**Excerpted data:**
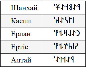- Көне Жазу – "Түрік Бітік" бағдарламасы мен bitig.kz сайтындағы ежелгі нұсқа. Оны сол дереккөздердегі Turik.ttf фонтымен жазуға болады.
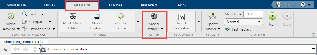 Configuring the Model for Supported STMicroelectronics Nucleo Board
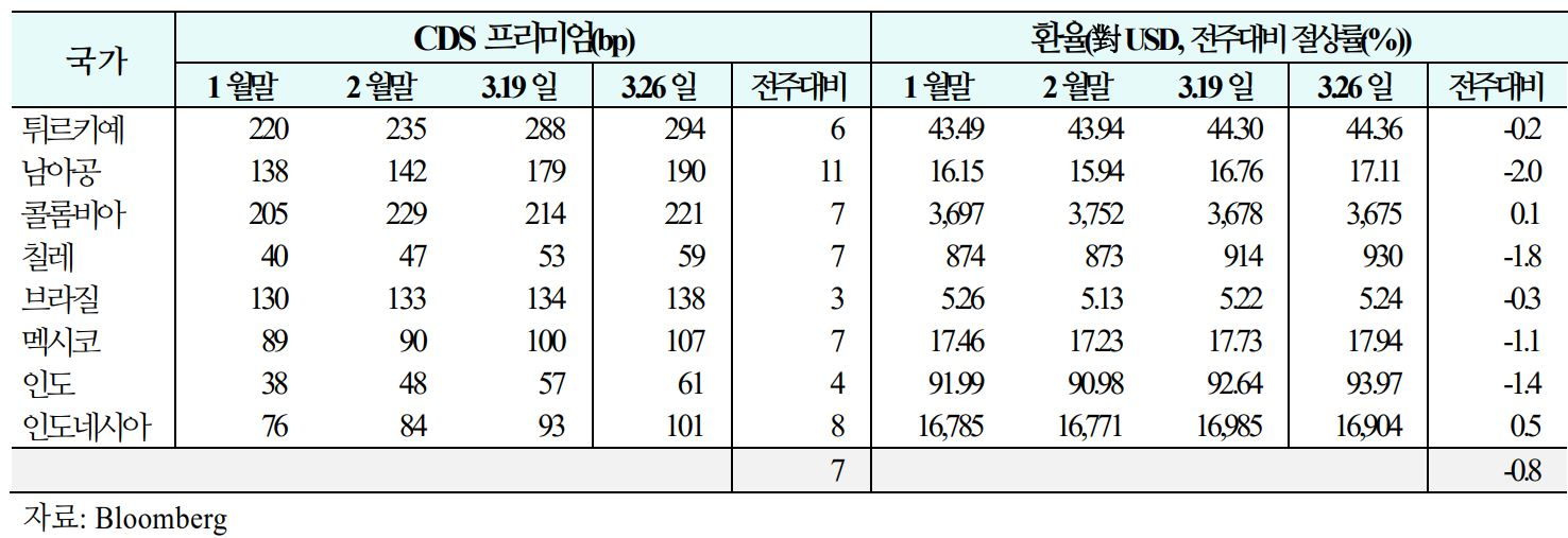 03. 주간 신흥국 CDS 및 환율 동향('26.3.20(금) ~ 3.26(목))
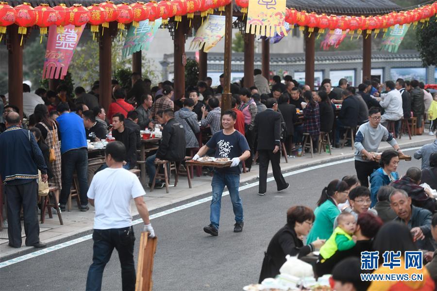 10月17日,村民與賓客在龍峰民族村參加“長桌宴”。 當日,在浙江省桐廬縣莪山畬族鄉(xiāng)龍峰民族村,一百桌宴席沿道路擺成一字長蛇陣,四方賓客和當?shù)卮迕褚黄鹌穱L著具有畬族特色的菜肴,場面頗為壯觀。 新華社記者 黃宗治 攝
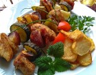 A csirkemellet, bacont és a zöldségeket felváltva a nyársra húzzuk. Az egészet megkenjük a maradék fűszeres olajjal, sütőrácsra vagy grillre tesszük és megsütjük. Tálalhatjuk salátával vagy tetszőleges körettel is.
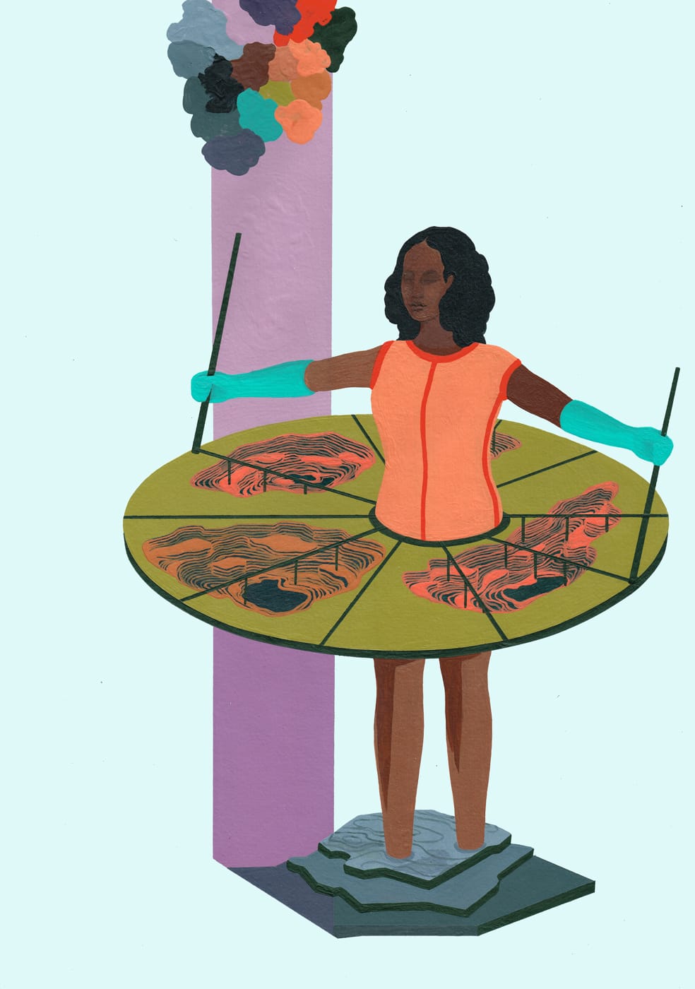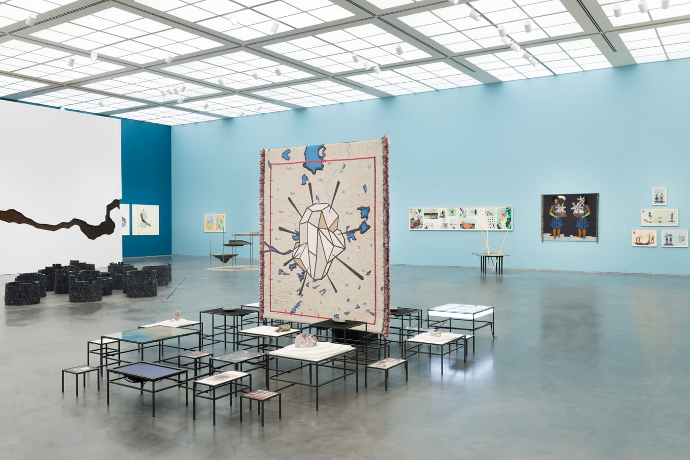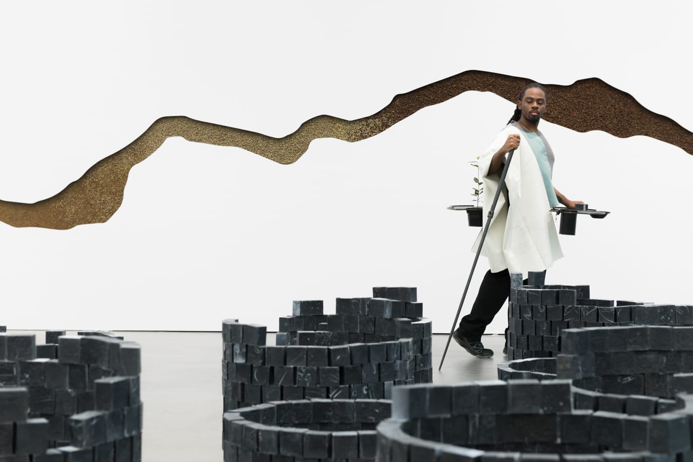 She created the Carved to Flow Foundation headquartered in Akwa Ibom, Nigeria, which will receive “support for researching material cultures and fostering shared experimentation and exchange locally” with the profits from the sales generated by the project, according to the project’s website. Initially for documenta 14, and now at Chicago’s MCA, costumed performers sell black bars of soap called “08 Black Stone.” The costumes serve as a “a shop founded on the body,” says the artist. Performers literally wear the symbolic shop, which is a garment designed with tiered platforms where the soap is displayed. The soap is made with charcoal and oils from the Mediterranean, the Middle East, and Africa, and it’s displayed at the museum in black towers reminiscent of the mineral piles and paintings elsewhere in the exhibition. The soap shop and factory were designed as self-sustainable, constructive ongoing artworks.
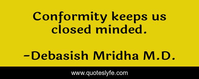 This page presents the quote "Conformity keeps us closed minded.". Author of this quote is Debasish Mridha M.D.. This quote is about close-minded, debasish, mridha, philosophy, quotes, inspirational, enthusiasm, conformity, debasish-mridha-m-d,.
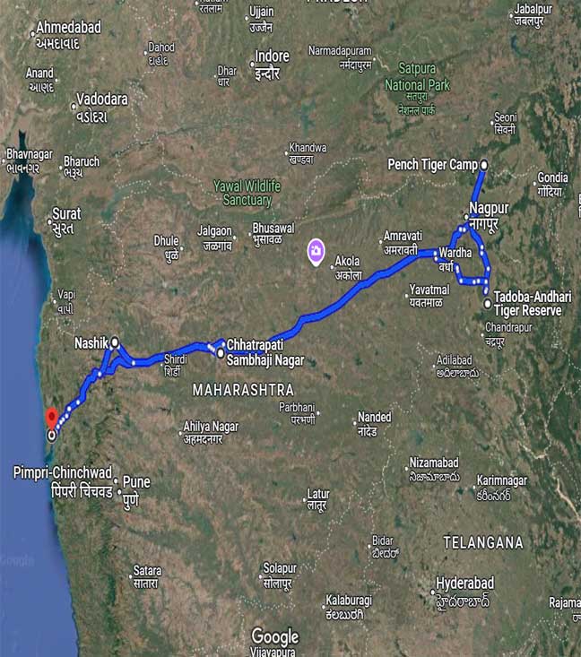 Tadoba Tiger Reserve and Pench National Park offer wildlife game safaris.
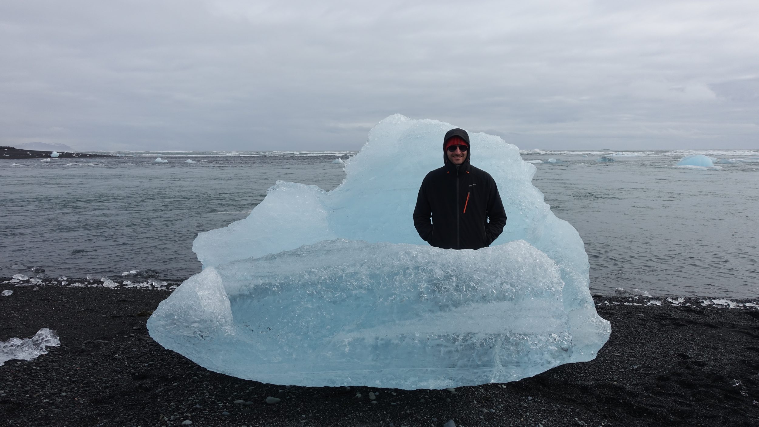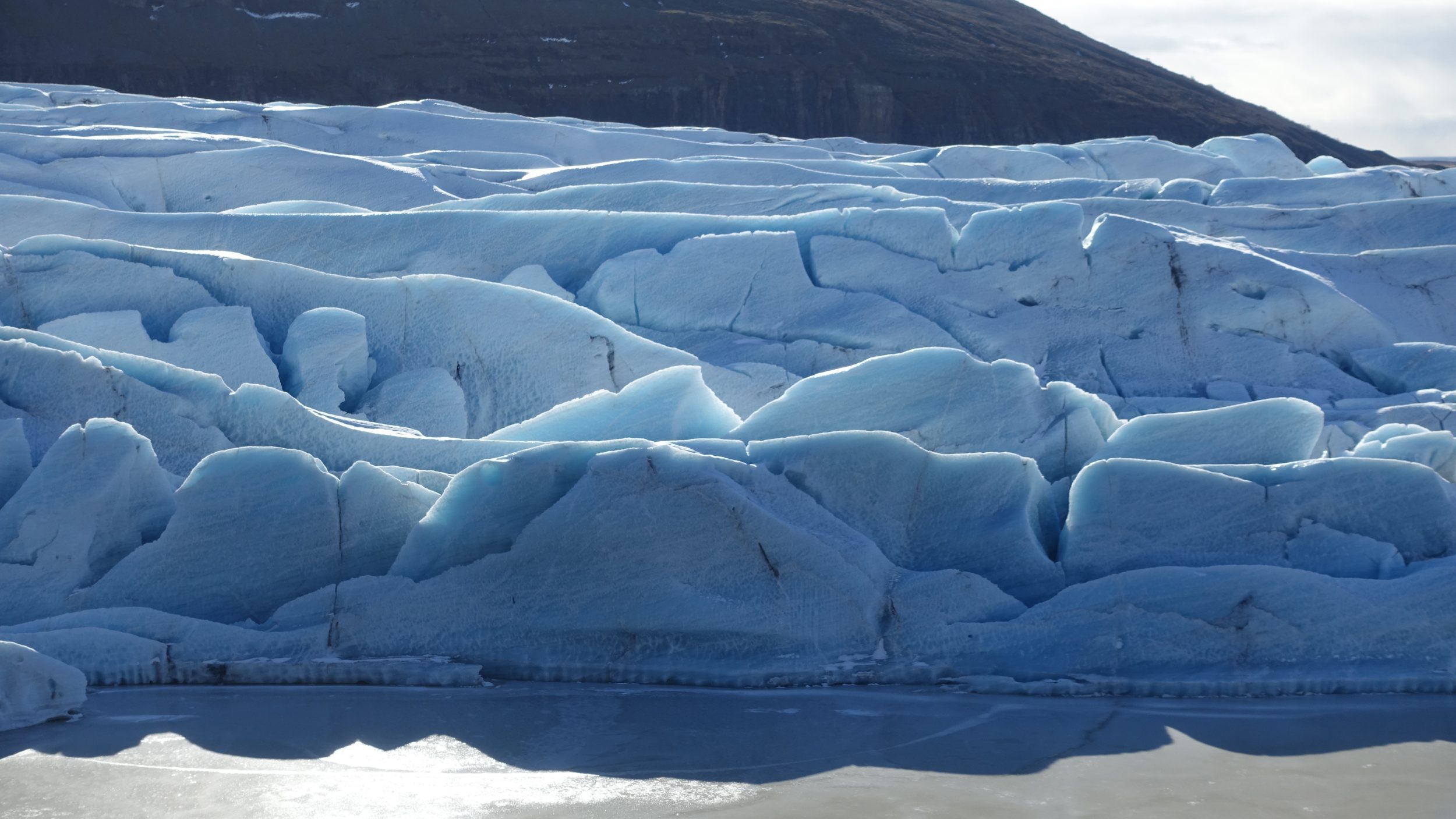 Al llegar al lugar, como muestran las fotos, el sol está en la cita y podemos ver el color azul del glaciar. Se forma una laguna debido al deshielo de los icebergs y notamos que la superficie está un poco congelada. La pureza de este glaciar me deja sin palabras, sólo hay algunos icebergs ennegrecidos por la lava, el resto es azul.

**Exercise prompt:** Pictures in the data above should not be copied; transcribe everything else exactly.

**Response:**
- Көне Жазу – "Түрік Бітік" бағдарламасы мен bitig.kz сайтындағы ежелгі нұсқа. Оны сол дереккөздердегі Turik.ttf фонтымен жазуға болады.
 Configuring the Model for Supported STMicroelectronics Nucleo Board
 03. 주간 신흥국 CDS 및 환율 동향('26.3.20(금) ~ 3.26(목))
 10月17日,村民與賓客在龍峰民族村參加“長桌宴”。 當日,在浙江省桐廬縣莪山畬族鄉(xiāng)龍峰民族村,一百桌宴席沿道路擺成一字長蛇陣,四方賓客和當?shù)卮迕褚黄鹌穱L著具有畬族特色的菜肴,場面頗為壯觀。 新華社記者 黃宗治 攝
 A csirkemellet, bacont és a zöldségeket felváltva a nyársra húzzuk. Az egészet megkenjük a maradék fűszeres olajjal, sütőrácsra vagy grillre tesszük és megsütjük. Tálalhatjuk salátával vagy tetszőleges körettel is.
 She created the Carved to Flow Foundation headquartered in Akwa Ibom, Nigeria, which will receive “support for researching material cultures and fostering shared experimentation and exchange locally” with the profits from the sales generated by the project, according to the project’s website. Initially for documenta 14, and now at Chicago’s MCA, costumed performers sell black bars of soap called “08 Black Stone.” The costumes serve as a “a shop founded on the body,” says the artist. Performers literally wear the symbolic shop, which is a garment designed with tiered platforms where the soap is displayed. The soap is made with charcoal and oils from the Mediterranean, the Middle East, and Africa, and it’s displayed at the museum in black towers reminiscent of the mineral piles and paintings elsewhere in the exhibition. The soap shop and factory were designed as self-sustainable, constructive ongoing artworks.
 This page presents the quote "Conformity keeps us closed minded.". Author of this quote is Debasish Mridha M.D.. This quote is about close-minded, debasish, mridha, philosophy, quotes, inspirational, enthusiasm, conformity, debasish-mridha-m-d,.
 Tadoba Tiger Reserve and Pench National Park offer wildlife game safaris.
 Al llegar al lugar, como muestran las fotos, el sol está en la cita y podemos ver el color azul del glaciar. Se forma una laguna debido al deshielo de los icebergs y notamos que la superficie está un poco congelada. La pureza de este glaciar me deja sin palabras, sólo hay algunos icebergs ennegrecidos por la lava, el resto es azul.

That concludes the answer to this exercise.